DIRECTIONS FOR THIS TASK: Where a picture appears in the data below, exclude it; restate everything else word for word.

DATA SHOWN:
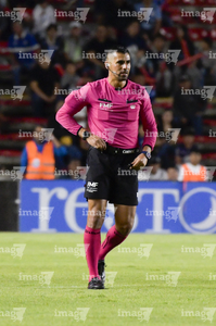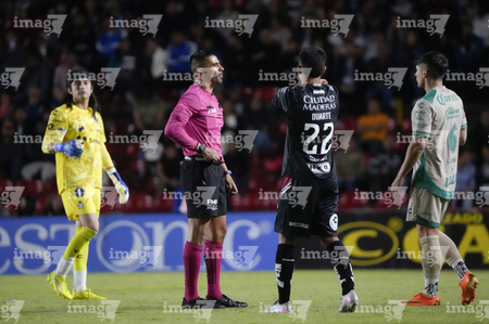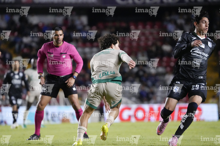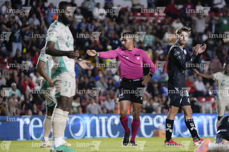 Querétaro, Querétaro, 27 de febrero de 2025. Abraham de Jesús Quirarte, árbitro central, durante el partido correspondiente a la jornada 8 del torneo Clausura 2026 de la Liga BBVA MX, entre los Gallos Blancos del Querétaro y los Guerreros de Santos Laguna, realizado en el estadio La Corregidora. Foto: Imago7/ Duilio Muñoz
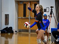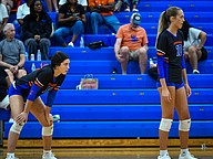 Alexa Valentine and Cassidy Flakes waited patiently for the serve before they ran to their positions.
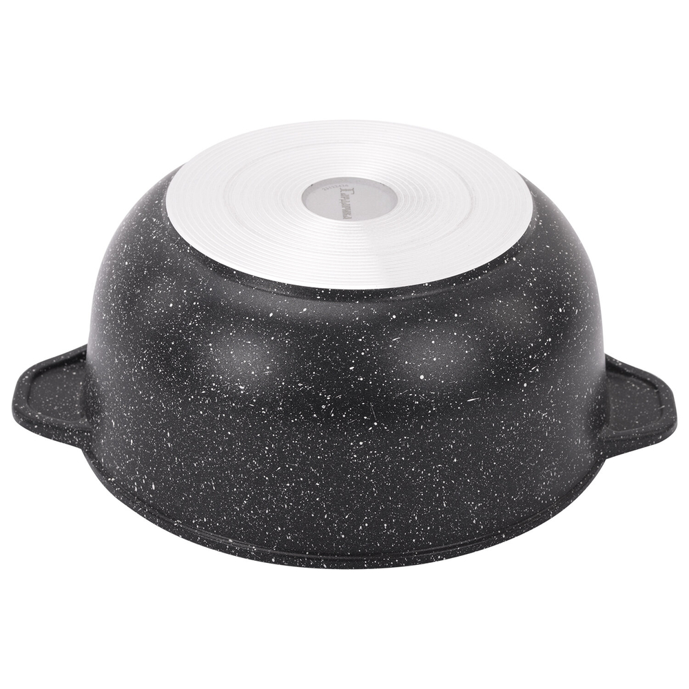 Массивное дно (6 мм) и стенки (3,5 мм) кастрюли не подвержены деформации, царапинам и сколам. Объем – 3 л. Размер крышки: 22 см.
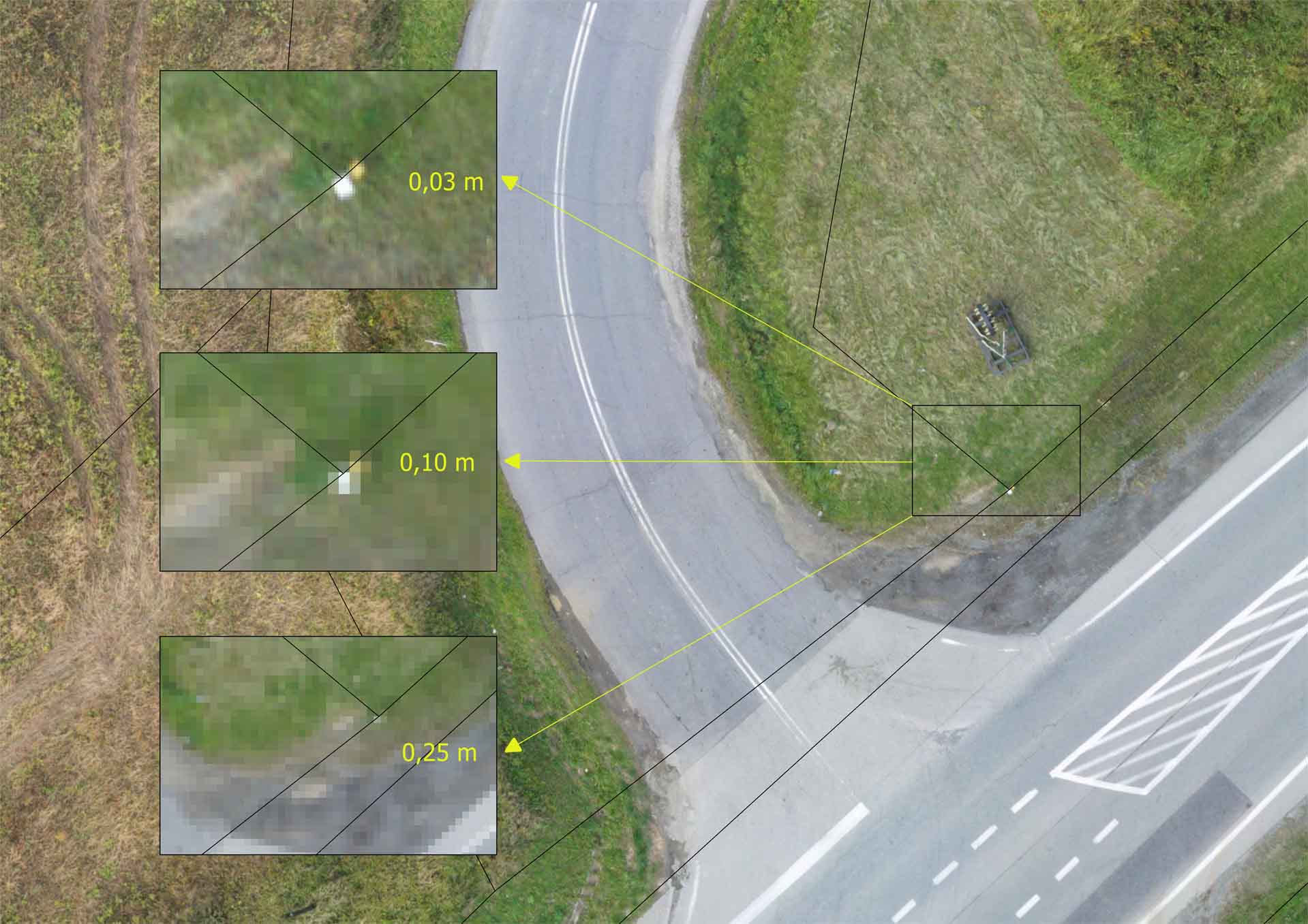 Aktualna ortofotomapa może posłużyć między innymi do: aktualizacji mapy do celów prawnych, wywiadu terenowego, kontroli postępu prac związanych z budową dróg. Dron również sprawdza się świetnie jako precyzyjne narzędzie pomiarowe powierzchni oraz objętości.

RESPONSE:
 Querétaro, Querétaro, 27 de febrero de 2025. Abraham de Jesús Quirarte, árbitro central, durante el partido correspondiente a la jornada 8 del torneo Clausura 2026 de la Liga BBVA MX, entre los Gallos Blancos del Querétaro y los Guerreros de Santos Laguna, realizado en el estadio La Corregidora. Foto: Imago7/ Duilio Muñoz
 Alexa Valentine and Cassidy Flakes waited patiently for the serve before they ran to their positions.
 Массивное дно (6 мм) и стенки (3,5 мм) кастрюли не подвержены деформации, царапинам и сколам. Объем – 3 л. Размер крышки: 22 см.
 Aktualna ortofotomapa może posłużyć między innymi do: aktualizacji mapy do celów prawnych, wywiadu terenowego, kontroli postępu prac związanych z budową dróg. Dron również sprawdza się świetnie jako precyzyjne narzędzie pomiarowe powierzchni oraz objętości.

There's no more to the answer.